MDA‐MB‐231, MDA‐MB‐468, BT‐549, HCC1806, and Hs578T TNBC cells were acquired from the American Type Culture Collection (ATCC, USA). MDA‐MB‐231/MDA‐MB‐468 cells were cultured in DMEM medium, while BT‐549 and HCC1806 cells were cultured in RPMI 1640 medium, Hs578T cells were cultured in the DMEM medium which contains one‐thousandth of the insulin content. Both culture media were supplemented with 10% FBS, penicillin (100 U mL⁻¹), and streptomycin (100 µg mL⁻¹). The cells were incubated at 37 °C in a humidified atmosphere with 5% CO₂.

Cytotoxicity Assay

The MDA‐MB‐231, MDA‐MB‐468, and BT‐549 cells in the logarithmic growth phase were subjected to trypsin digestion. The digestion process was halted by adding serum, and the cell suspension was centrifuged at 1500 rpm for 1 min, with the supernatant discarded. The cell pellet was resuspended to prepare a cell suspension at a concentration of 5 × 10⁴ cells mL⁻¹. Once the cell suspension was prepared, it was gently mixed and seeded into a 96‐well plate. Each well was filled with 100 µL of the cell suspension, resulting in a seeding density of 10 000 cells per well. The edges around the experimental wells were sealed with PBS. Subsequently, the seeded cell culture plate was incubated overnight at 37 °C to ensure proper cell attachment to the plate. Next, different volumes of purified anti‐Akt TNAs were added to each well to achieve final concentrations of 0, 0.5, 1, 3, 5, and 10 µm within the culture plate, with 6 replicates for each concentration. The cell culture plate was further incubated at 37 °C for 48 h. After the incubation period, the culture media were removed, and 20 µL of MTT solution (5 mg mL⁻¹) was added to each well, followed by a 4‐h incubation. The culture was then terminated, and the supernatant was aspirated. Subsequently, 150 µL of DMSO was added to each well and shaken at low speed on a shaker for 20 min to ensure complete dissolution of the crystals. Finally, the absorbance of each well at 570 nm was measured using a microplate reader.

Fetal Bovine Serum Assay

The purified anti‐Akt TNAs (0.02 OD) were dissolved in 1 × PBS buffer supplemented with 10% Fetal Bovine Serum (FBS), resulting in a final concentration of 0.03 µg µL⁻¹. Following that, the samples were incubated at 37 °C for various durations ranging from 0 to 72 h. A control group without the addition of FBS was established for comparison. After the designated incubation period, the samples were subjected to enzyme inactivation by incubating them at 60 °C for 20 min. Subsequently, the samples were analyzed using 15% PAGE. This process was conducted in 1 × TBE buffer at room temperature under a constant current of 30 mA. Finally, the gel was stained with stains‐All (50 mg L⁻¹) and subsequently scanned for analysis.

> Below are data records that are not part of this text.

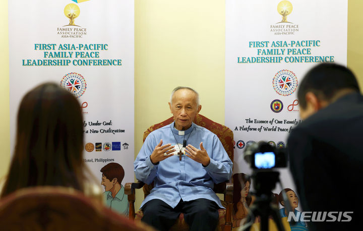 [마닐라(필리핀)=뉴시스] 홍효식 기자 = 안토니오 레데스마 카가얀데오로 가톨릭 명예 대주교가 '제1차 아시아-태평양 가정평화리더십 콘퍼런스'가 열린 19일(현지시각) 필리핀 마닐라 더 마닐라 호텔에서 한국 취재진과 인터뷰하고 있다. 2024.07.19. [email protected]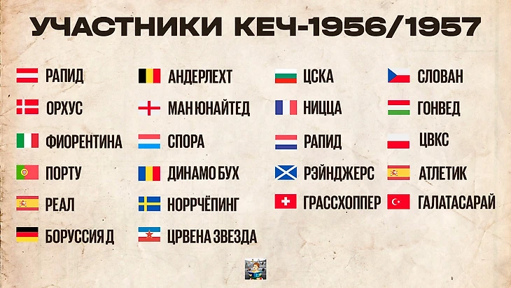 От автора: дорогие читатели, мы продолжаем цикл обзоров, посвященных Кубку европейских чемпионов. На очереди – второй по счету турнир-1956/1957 годов. Еще больше историй и видеообзор КЕЧ-1956/57 вы найдете у нас в Телеграм.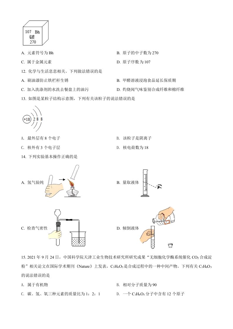2022年云南省昆明市中考化学真题(空白卷)_共9页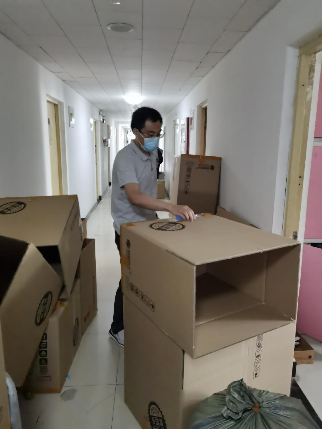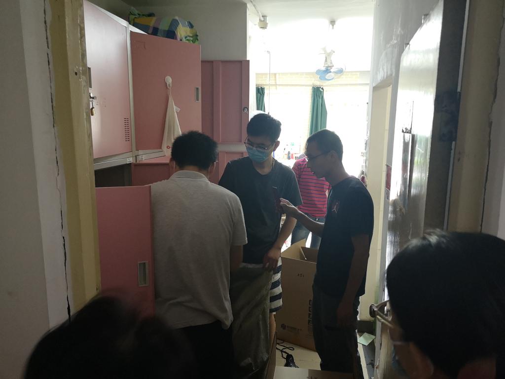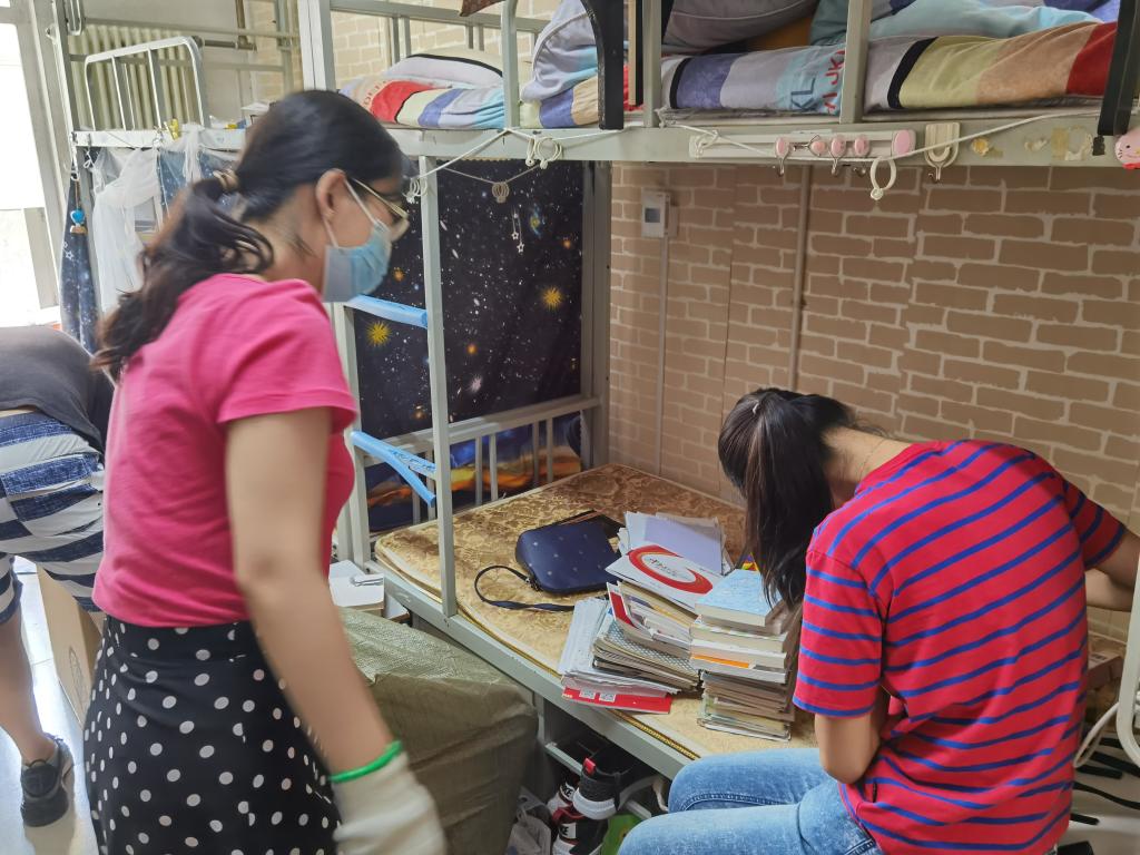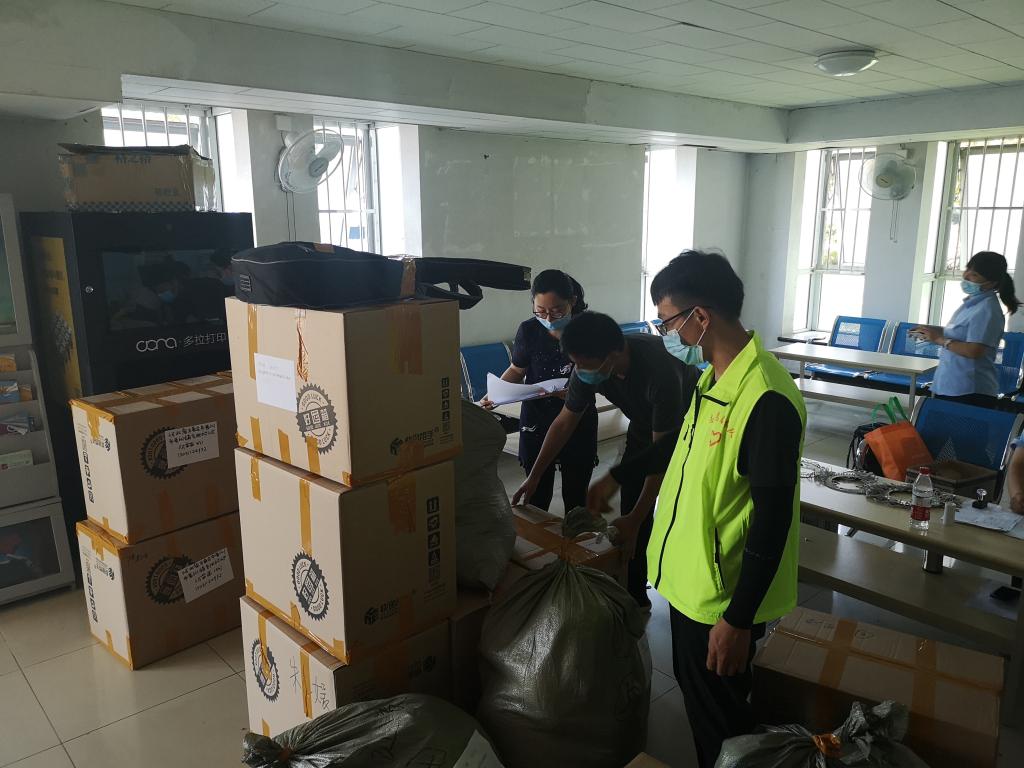 公司35名党员老师、班主任、辅导员积极投入到 毕业生行李打包邮寄工作过程中,通过视频连线整理每名员工的物品,在收拾行李的过程中做到了一组一寝,一人一问。左手举着手机,右手挑拣物品”成了老师们的工作写照。

Confocal Fluorescence Microscopy Imaging

Typically, 1 × 10⁵ BT‐549 cells were seeded in a glass‐bottomed dish with a diameter of 35 mm and incubated overnight. The culture medium was then replaced with a medium containing 2.5 µg of anti‐Akt2 TNA‐Cy3, along with lipofectamine transfection reagents, and the cells were incubated for an additional 12 h. Subsequently, replaced the culture medium of the dishes followed by staining with a lysosome tracker for 10 min. Then, the cells were washed three times with PBS buffer at pH 7.4 and fixed with 4% paraformaldehyde for 15 min. After fixation, the cells were washed three times with 1 × PBS buffer at pH 7.4. Following the preparation of the fixed cells, confocal cell imaging experiments were conducted using a Leica TCS SP5 microscope. The excitation wavelength for Cy3 was set to 543 nm, and the emission was collected between 550 and 600 nm. The same steps were followed for the transfection of anti‐Akt3 TNA‐Cy3 into MDA‐MB‐231 cells.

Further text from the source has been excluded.